Длинный неровный вздох, за которым последовала капитуляция:
— Дайте мне Шеда Хилла из моего офиса — он еще совсем зеленый, но он делает то, что ему говорят.
— Ладно, что еще?
— Карт-бланш.
— Это само собой разумеется.
Лайм прошел вперед мимо Саттертвайта, но тот остановил его:
— Ваша версия.
— Я сказал вам — в ней слишком много «если».
— Но я был прав: она существует?
— Я уже сказал вам — да.
— Значит, в конце концов я не так уж плохо разбираюсь в людях. Вы согласны?
Слабая улыбка не нашла у Лайма подобного же ответа. Саттертвайт угрем проскользнул мимо него в дверь, затем вышел Лайм, обернувшись и с интересом посмотрев на эту комнату — место сурового испытания, но она имела достаточно обычный вид, чтобы поверить в это. Дверь захлопнулась. «Вход воспрещен».
Саттертвайт направился в сторону штаба. Когда он дошел до него, остановился и бросил через плечо:
— Удачной охоты — мне кажется, я должен сказать что-то в этом роде. — Мрачная сдержанная улыбка была словно приклеенная. — Достань сукиного сына живьем, Дэвид.

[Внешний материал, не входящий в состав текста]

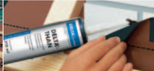
Winddicht met DELTA®-FOXX PLUS.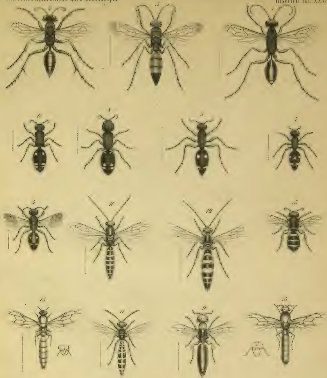
1. Chlorion fulvipes , Gerst. 2. C. subryancum , G. 3. Pompilus irpex , G. 4. 5. Mutilla Guineensis , Fabr. mas. fem. 6. M. aestivans , G. 7. M. Teltensis , G. 8. M. bilunata , G. 9. Meria semirufa , G. 10. Myzine cingulata , G. 11. Scolia pardalina , G. 12. 13. S. mansueta , G. mas. fem. 14. Dorylus badius , G. 15. D. diadema , G.

Сделав реплику «под занавес», Саттертвайт исчез в комнате штаба. Чувствуя презрение к этому человеку за его дешевую театральность, Лайм какое-то мгновение стоял, уставившись горящим взглядом в закрытую дверь, потом поплелся к выходу, наклонив голову и зажигая сигарету.
СРЕДА, 12 ЯНВАРЯ
22:40, континентальное европейское время.

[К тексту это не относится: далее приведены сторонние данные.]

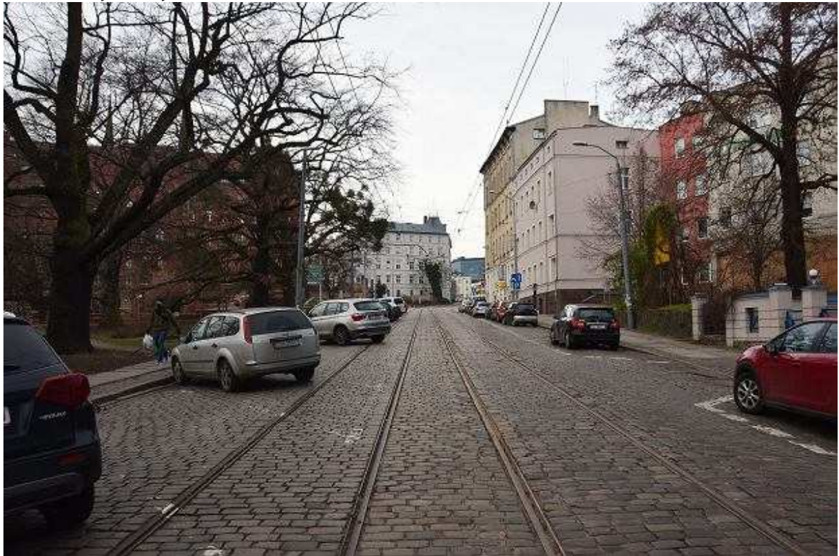
Ulica Dworcowa z torami zbudowanymi w 1948 roku Andrzej Kraśnicki jr

Dlaczego w ogóle kasztanowce mają coś wspólnego z modernizacją torowisk? Chodzi o przebudowę istniejącego torowiska w ciągu ul. Dworcowej – od Nabrzeża Wieleckiego do ul. 3 Maja. Są tu dwa tory, z których wykorzystywany jest tylko ten prowadzący pod górę. To zresztą kawał ciekawej historii Szczecina. Tory na tym odcinku zbudowane zostały w 1948 roku. Wykorzystano szyny pochodzące ze likwidowanej linii tramwajowej wzdłuż ul. Emilii Plater i Staszica.

Воспитание Марио внушило ему ненависть к вонючим моторным катерам. Он изучал морское искусство летом на борту кеча Мезетти — небольшого двухмачтового судна, грациозного, как чемпион скоростной регаты. Он совершенно не разбирался в двигателе — это было заботой Алвина, — но он стоял у руля, и на нем лежала ответственность за выбор курса по судовому компасу и морским картам. Тридцатидевятифутовое судно было построена в Америке и оснащено одним дизельным двигателем. Ему было не меньше двадцати пяти лет, хотя дизель, вероятно французского производства, казался новее. Это был грубый деревянный корабль, построенный с экономичностью, присущей верфи «Мэтьюз»: с каютами на носу и корме нижней палубы и крошечной палубой для ловли рыбы между транцем и трапом у задней каюты. Потолок рубки был слишком низок для человека ростом в шесть футов. Марио был достаточно приземист, чтобы не испытывать неудобства, а вот Алвину и Стурке приходилось нагибаться, когда они входили внутрь.

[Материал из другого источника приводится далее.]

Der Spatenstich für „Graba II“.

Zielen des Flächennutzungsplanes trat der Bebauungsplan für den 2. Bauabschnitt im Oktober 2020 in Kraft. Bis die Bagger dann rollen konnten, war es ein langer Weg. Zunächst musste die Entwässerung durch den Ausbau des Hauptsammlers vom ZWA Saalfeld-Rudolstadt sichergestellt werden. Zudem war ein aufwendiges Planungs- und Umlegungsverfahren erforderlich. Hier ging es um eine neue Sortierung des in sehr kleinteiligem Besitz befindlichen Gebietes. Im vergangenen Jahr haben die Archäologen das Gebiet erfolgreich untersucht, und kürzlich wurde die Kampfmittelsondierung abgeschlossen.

Здесь вовсе отсутствовал штурманский стол: карта, изображающая западное Средиземноморье, была растянута по деревянной перегородке к нактоузу,[15] где Марио мог сверяться с ней, держа одну руку на штурвале. С помощью компаса и карты он рассчитывал курс от одного маяка к другому. За час до заката на море поднялись четырехметровые волны, и за несколько последующих часов оно не стало спокойнее. Толстый, с округлым дном корпус судна затруднял ход, и Марио был вынужден через каждые пять минут менять галс против моря, несущего их на четверть румба правее курса — на юго-запад к Кабо-де-Гато, а затем на запад вокруг мыса по направлению к Альмерии. Шторм загонял их в пролив, прижимая к берегу. Суровая ночь для морских прогулок — очень немногие суда отважились выйти в море. Были видны только огни буйков.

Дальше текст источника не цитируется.